Brown v. Board of Education

In 1936 Marshall went to work for the NAACP full-time. The organization’s legal goal, developed by Houston and his growing team of civil rights lawyers, was to undermine segregation by making it onerous and unaffordable for states. State graduate and professional schools were the starting point as it was easier to demonstrate there were no comparable alternatives for Black students to receive the specialized education they offered. Rulings like Murray v. Pearson forced states to admit Black students to white institutions rather than take on the cost of creating comparable, Black-only facilities. Marshall and his colleagues planned to use the precedents to strike at segregation in a much more controversial arena: public elementary and high schools. Eventually, they hoped, segregation of all types would crumble under its own impracticability.

a young girl

Linda Brown was in the third grade when she was denied admission to a white-only school in Topeka, Kansas. She was among the plaintiffs in the landmark Brown v. Board of Education case—led by Thurgood Marshall—in which the U.S. Supreme Court ruled segregated schools to be unconstitutional.

Photograph by AP

Over the years, Marshall became the face of civil rights litigation. He argued 32 cases before the Supreme Court, winning 29 of them, and participated in hundreds of other cases in lower courts nationwide. In the process, he traveled between 50,000 and 75,000 miles a year, crisscrossing the nation to oversee as many as 450 cases at a time.

In the early 1950s, Marshall served as lead attorney in what turned out to be the most momentous civil rights lawsuit of the era, Brown v. Board of Education of Topeka. The landmark case combined five NAACP-sponsored complaints from across the country, all filed by parents of Black children who had been forced to attend segregated schools. Marshall had been chipping away at the legal basis of segregation in secondary education for years. Now, he was able to challenge the “separate but equal” doctrine by attempting to dismantle segregation in public schools across the country.

To uphold school segregation would be tantamount to keeping Black people in near-slavery, Marshall said in oral arguments. “This Court should make it clear that that is not what our Constitution stands for.”

In May 1954, the Supreme Court ruled unanimously that the 14th Amendment, which provides all U.S. citizens equal protection under the law, prohibits segregating public schools by race, because segregated schools are “inherently unequal.” Though states dragged their feet to implement the ruling, it set a national precedent and helped spark the civil rights movement.

The first Black U.S. Supreme Court justice

Though Marshall continued to litigate civil rights cases, he was exhausted by the vehemence of states’ resistance to integration. Marshall and his colleagues fought battle after battle as states defied the new law of the land—closing entire public school systems, creating charter schools, and even rioting rather than allow Black students to attend alongside white ones. In 1961, he got the chance for a change when President John F. Kennedy, eager to align his new Democratic administration with the nation’s star civil rights attorney, nominated Marshall to the U.S. Court of Appeals.

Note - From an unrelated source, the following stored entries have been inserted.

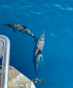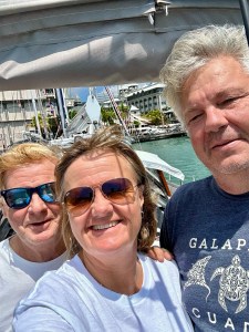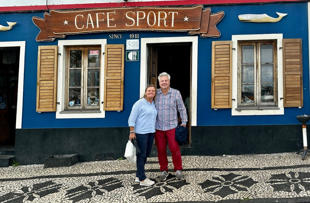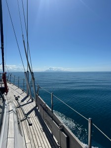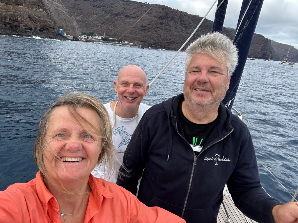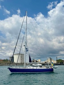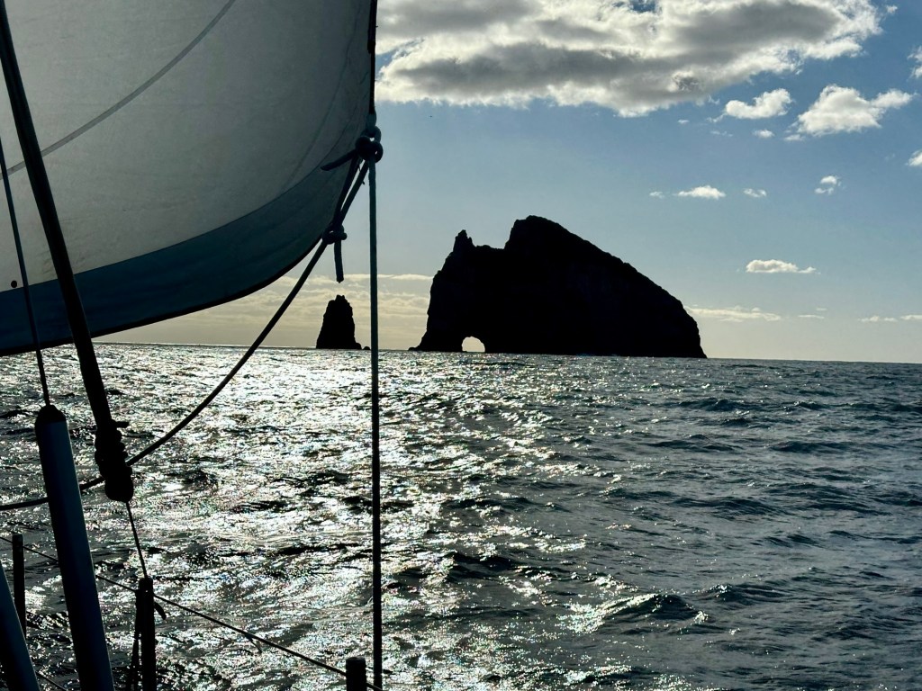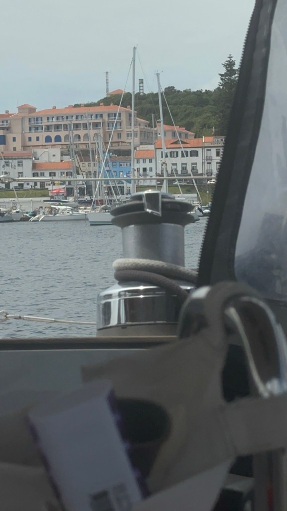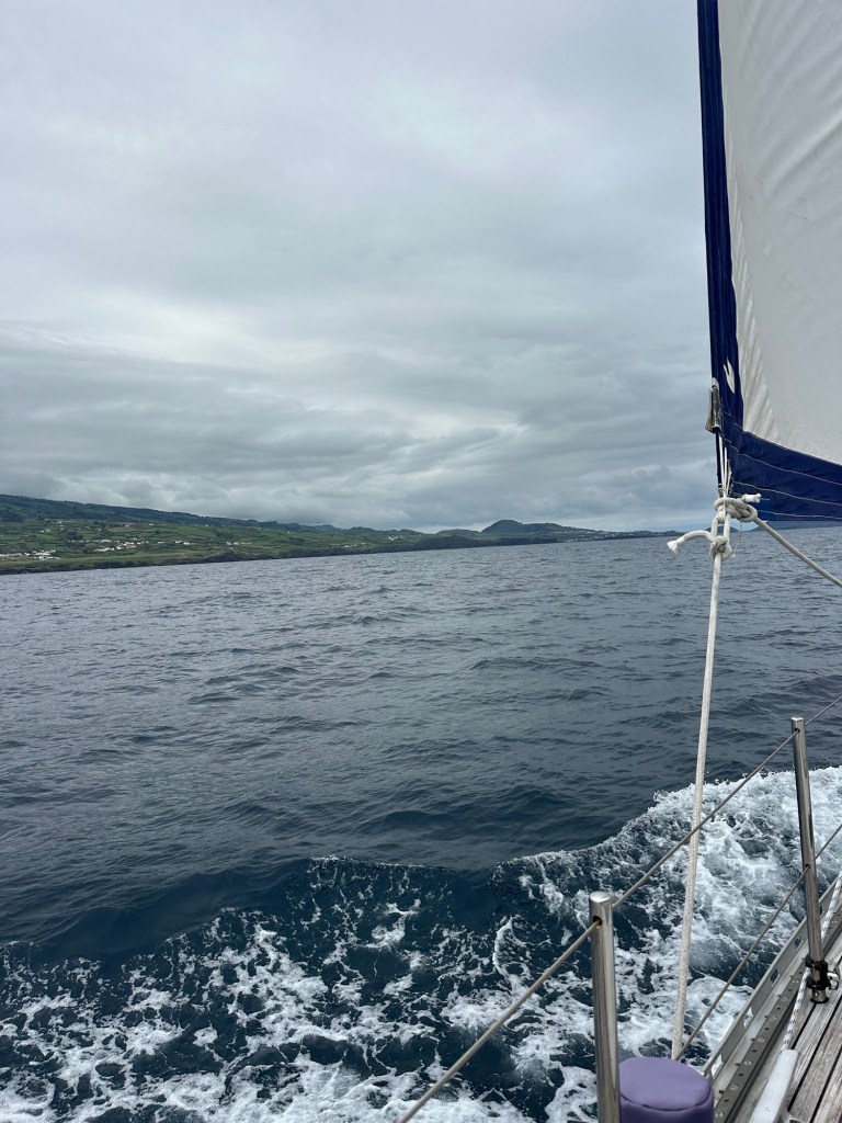 We have land in sight and are slowly but surely approaching Horta. The harbor is full, so we anchor and hope to get in the next day. 2200 miles became 2400 nautical miles, and we avoided the storm that was predicted; we’ve seen lots of dolphins, I’ve managed to knit a bit, listen to many books and most importantly, we’ve arrived in the Azores, and our daughter Elise is coming here to sail with us to Ireland.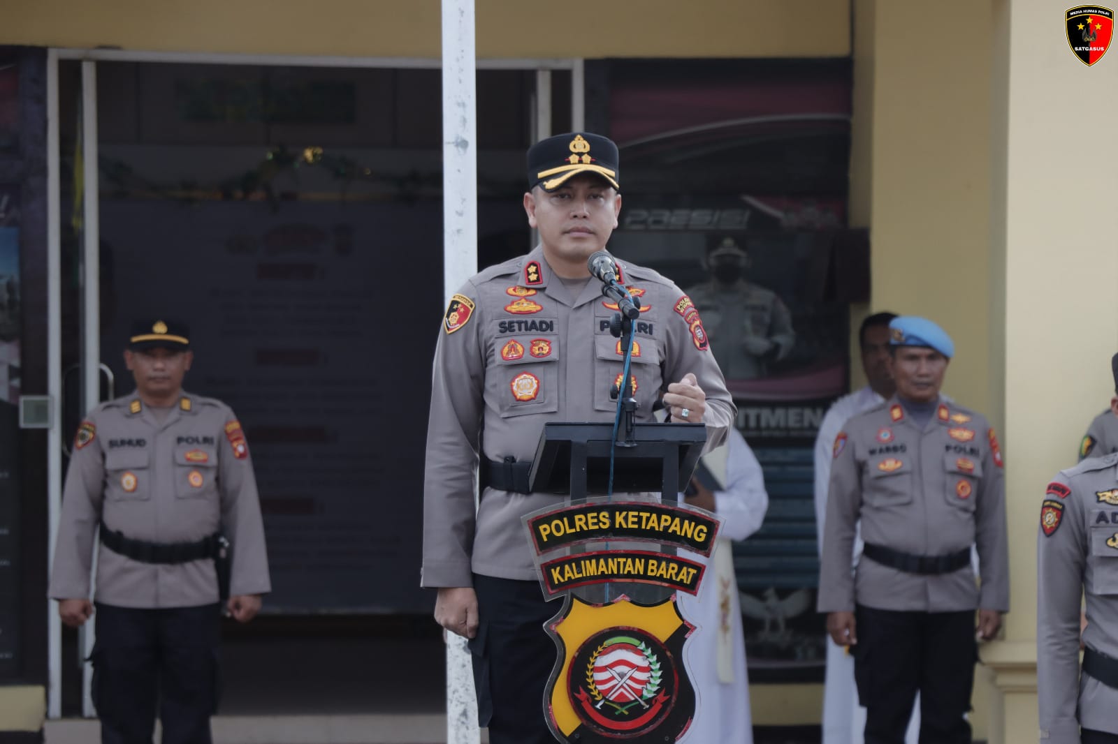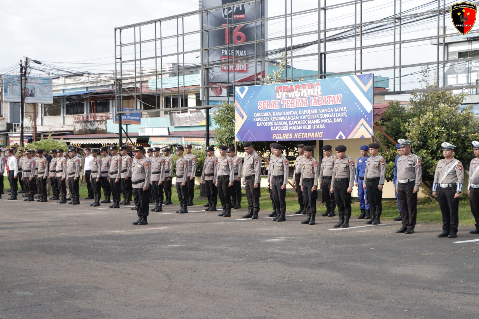 Polda Kalbar, Kapolres Ketapang, AKBP Setiadi, S.H., S.I.K., M.H., memimpin langsung upacara serah terima jabatan sejumlah pejabat utama di lingkungan Polres Ketapang, yang digelar di Halaman Mapolres Ketapang di Jalan Brigjend Katamso Nomor 01 Ketapang, Kamis sore (08/05/2025). Dalam amanatnya, AKBP Setiadi menekankan pentingnya menjaga integritas dan profesionalisme sebagai anggota Polri, di manapun dan kapanpun bertugas.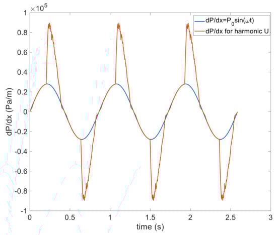 where and are constants (15 and −40, respectively). Furthermore, the dimensionless pressure gradient is calculated by solving the first-order lag equation:
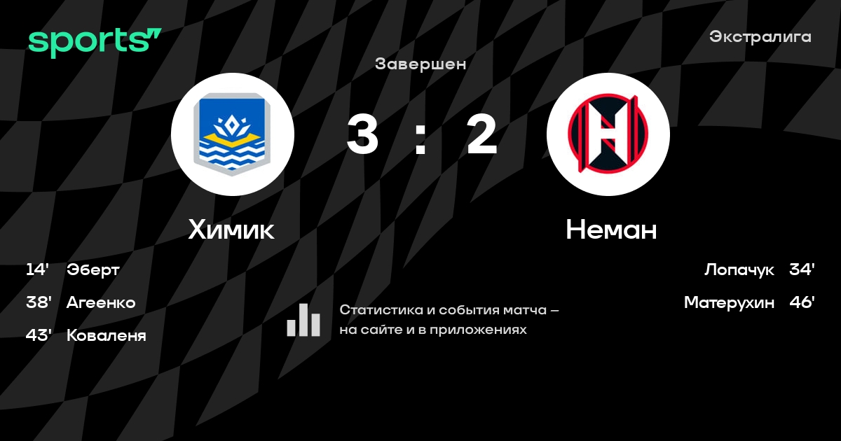 В прошедшем матче в рамках турнира Экстралига состоялась встреча команд Химик - Неман в городе Новополоцк (Беларусь) на стадионе Дворец культуры и спорта (вместимость - 1200)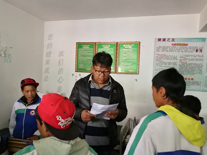 嘎瑪石珍,初二二班班主任,她所在的班級(jí)有42名學(xué)生,三分之二的學(xué)生為住校生,今天有39名學(xué)生到校進(jìn)行體檢篩查。據(jù)嘎瑪石珍老師介紹,學(xué)校很重視學(xué)生的衛(wèi)生宣傳教育工作,班主任在每周班會(huì)上都會(huì)檢查學(xué)生的手、腳、脖子以及衣服的衛(wèi)生情況,住校的學(xué)生會(huì)在老師的監(jiān)督下每周洗澡、洗衣服,學(xué)校政教處、團(tuán)委也會(huì)不定期抽查。但是另一部分走讀生卻不太好監(jiān)督,雖然經(jīng)常教育他們,但仍有一部分同學(xué)不講衛(wèi)生,不按時(shí)洗澡,體味刺鼻。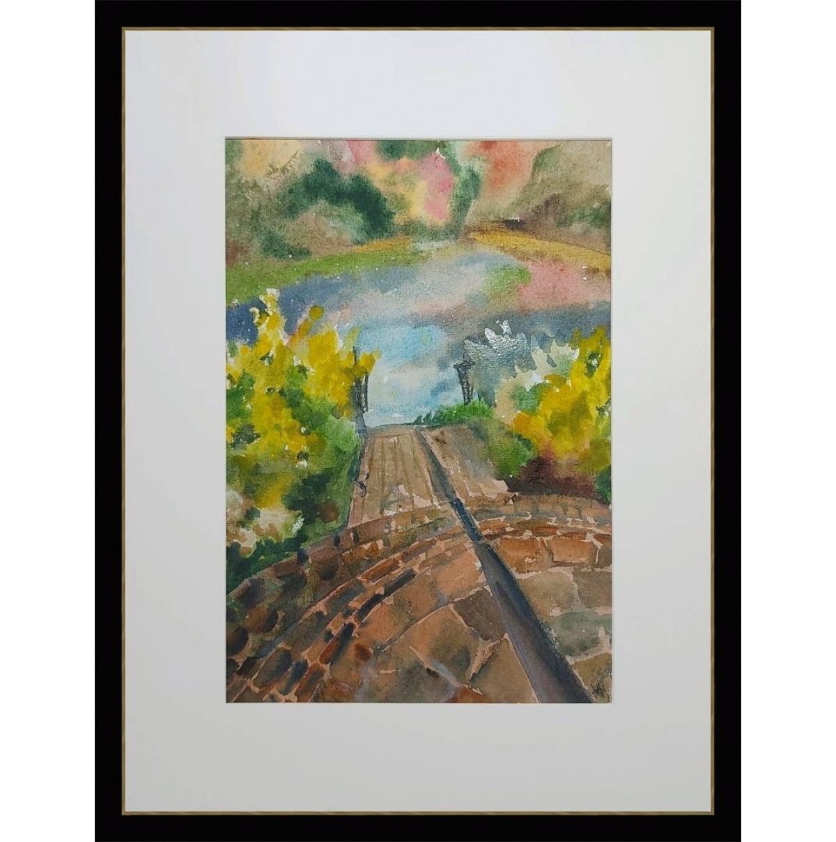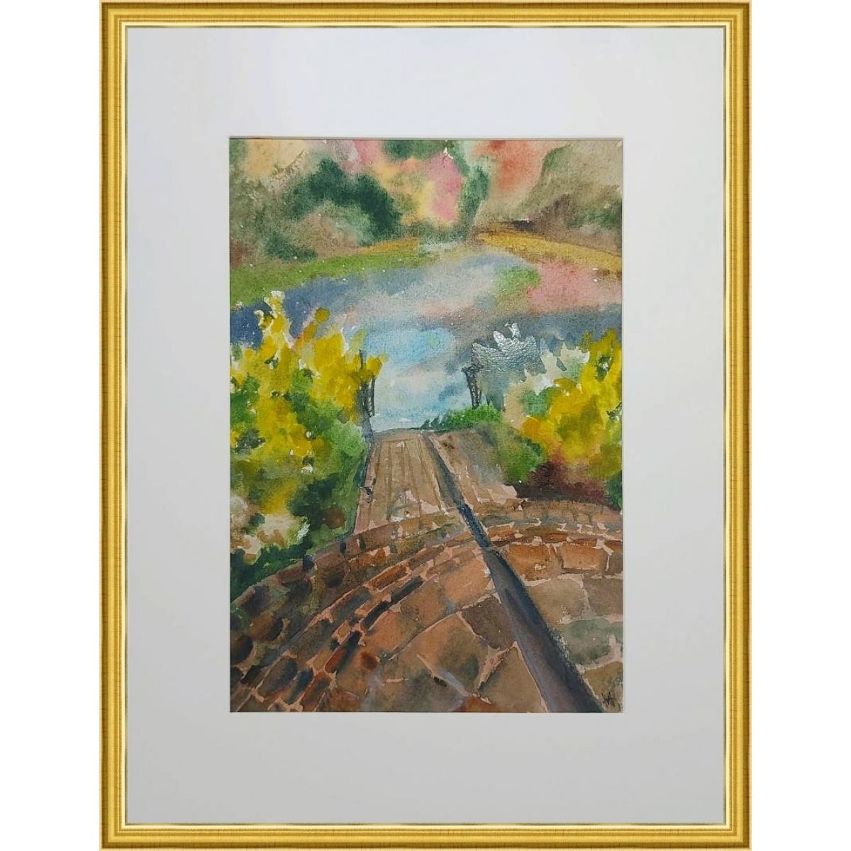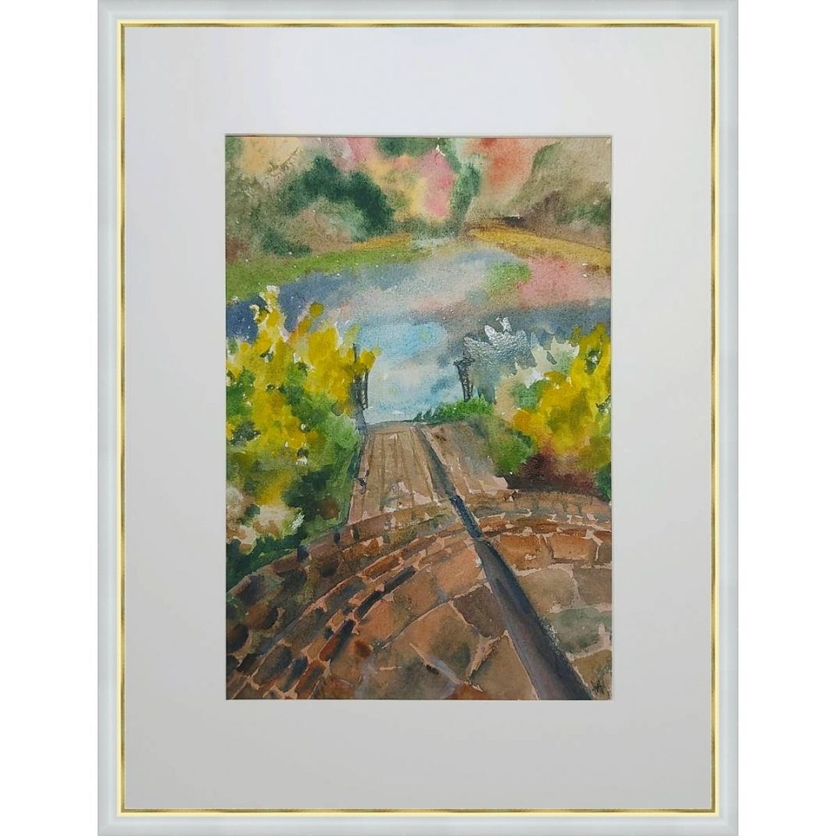 Дальний план картины демонстрирует водоём с водорослями, отражающий небо и окружающую природу. Небо в картине имеет смесь различных оттенков: розового, зеленого и синего. Общий стиль выполнен в пастельных и размытых тонах, характерных для акварельной техники, что придаёт изображению мягкость и живописность. Светлое паспарту позволяет нам подобрать багет практически любого цвета.

Marshall faced harsh opposition from Southern senators furious about his legal activism for civil rights. At one hearing, South Carolina Senator Olin Johnston argued that Marshall was unqualified to preside over the general business of a courtroom because of his focus on civil rights.

Kennedy managed to name Marshall to the position through a recess appointment, which the Senate confirmed the following year. Then, in 1965, President Lyndon B. Johnson named Marshall the first Black solicitor general, designated to represent the federal government in Supreme Court cases.

Though Marshall regularly appeared before the Supreme Court, no Black man, and no person of color, had ever been nominated to serve as a justice. Johnson was eager to change that—and cement his civil rights legacy after having signed both the Civil Rights Act of 1964 and the Voting Rights Act of 1965 into law. On June 13, 1967, Johnson nominated Marshall to the U.S. Supreme Court, calling the move “the right thing to do, the right time to do it, the right man and the right place.” The Senate confirmed Marshall two months later on August 30, 1967, and he took his seat when the Court session opened October 2. (Why the Supreme Court has only nine justices.)

Over the years, Marshall continued to champion the equal protections he had insisted on as a civil rights lawyer, supporting individual rights and affirmative action. Among the most important majority opinions he authored were Stanley v. Georgia in 1969, a First Amendment case that decriminalized possessing pornographic materials, and Bounds v. Smith in 1977, which ruled that state prisons should provide law libraries or legal assistance to prisoners. He also supported women’s reproductive rights in the landmark 1973 case, Roe v. Wade.

Marshall ardently opposed capital punishment, helping strike down the death penalty in Furman v. Georgia in 1972. But an increasingly conservative Supreme Court reinstated capital punishment in 1976, a decision Marshall fought for the remainder of his time on the Supreme Court.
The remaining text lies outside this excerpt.